発見されたのは種の特定できない生物と海綿の一種


 カメラには、氷の下の岩に付着した海綿動物のような生物が映し出されていた。

 彼らがいたのは棚氷の先端から260kmも内側に入った、水深1233mの海の底だ。氷の厚さは890mもある。そんな光合成もできないところに落ちている岩に、茎のある海綿が1本、茎のないものが15本付着していた。

 さらに茎はあるが種を特定できない生物も22匹発見された。これらは海綿、ホヤ、ヒドロ、フジツボ、刺胞動物、多毛類などではないかと推測されている。

 同じような場所で動く生物が発見されたことはあるが、固定された生物が見つかったのは史上初のことであるという。



極限環境に生きる生物の謎


 この極限環境に彼らがどうやってたどり着き、どうやって生きているのか、詳しいことはまだ何も分かっていない。

 「何を食べているのか? いつからそこにいるのか? どのくらい一般的なのか? 棚氷の外にいる生物と同じ種なのか、それとも新種なのか? もし棚氷が崩壊したらどうなるのか?」と、グリフィス氏はいくつもの疑問を口にする。

 地球上のほとんどの生物は、生きるために太陽の力を借りている。「光合成」は食物連鎖の根幹にある。植物や藻類が日光から糖を作ってくれるために、それを食べることで多くの動物(草食動物を食べる肉食動物も同じ)が生きることができる。

 しかし太陽の光が届かない暗闇では、生物は別の戦略を採用しなければならない。たとえば海底から突き出た熱水噴出孔からは、熱と火山性の化学物質が放出されている。そこでこれを「化学合成」して糖を作り出し、食物連鎖の基礎を提供する微生物が存在する。

 最近の調査では、氷河の下から水素やメタンを化学合成する生物が見つかっている。メタンは南極の海でも検出されたことがある化学物質だ。

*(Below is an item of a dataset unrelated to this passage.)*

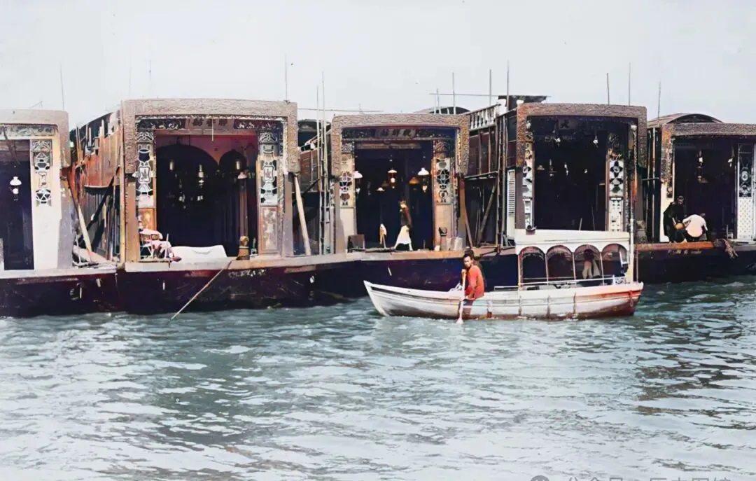 这一溜水上大船叫花舫,门面都是开着的,挂着帘子,摆着小桌凳,里面有茶杯酒壶,广州的水上生意人就是在这样的船上谈生意聊天,比陆地上的茶楼还讲究,想吃点花样什么的,就得登上船。

 今回謎の生物が発見された氷の下は、光合成が確認されている領域から625~1500キロ離れている。そのため、仮に海綿が肉食性だったとしても、おそらくは化学合成に頼っているだろうと考えられるが、確かなことはさらなる調査を待たねばならない。


 「この疑問に答えを出すには、厚さ900mの氷の下、研究所の船から260km離れた場所で生きる動物や環境に近づく手段を考えねばなりません」と、グリフィス氏は語る。

 それは間違いなく研究者にとって大きなチャレンジだ。しかし試行錯誤を繰り返すことで、やがては革新的な手法が編み出される。科学の真理はそうやって明らかにされてきた。この極限環境を生きる生物たちの真実もいつかきっと解き明かされる日がくるだろう。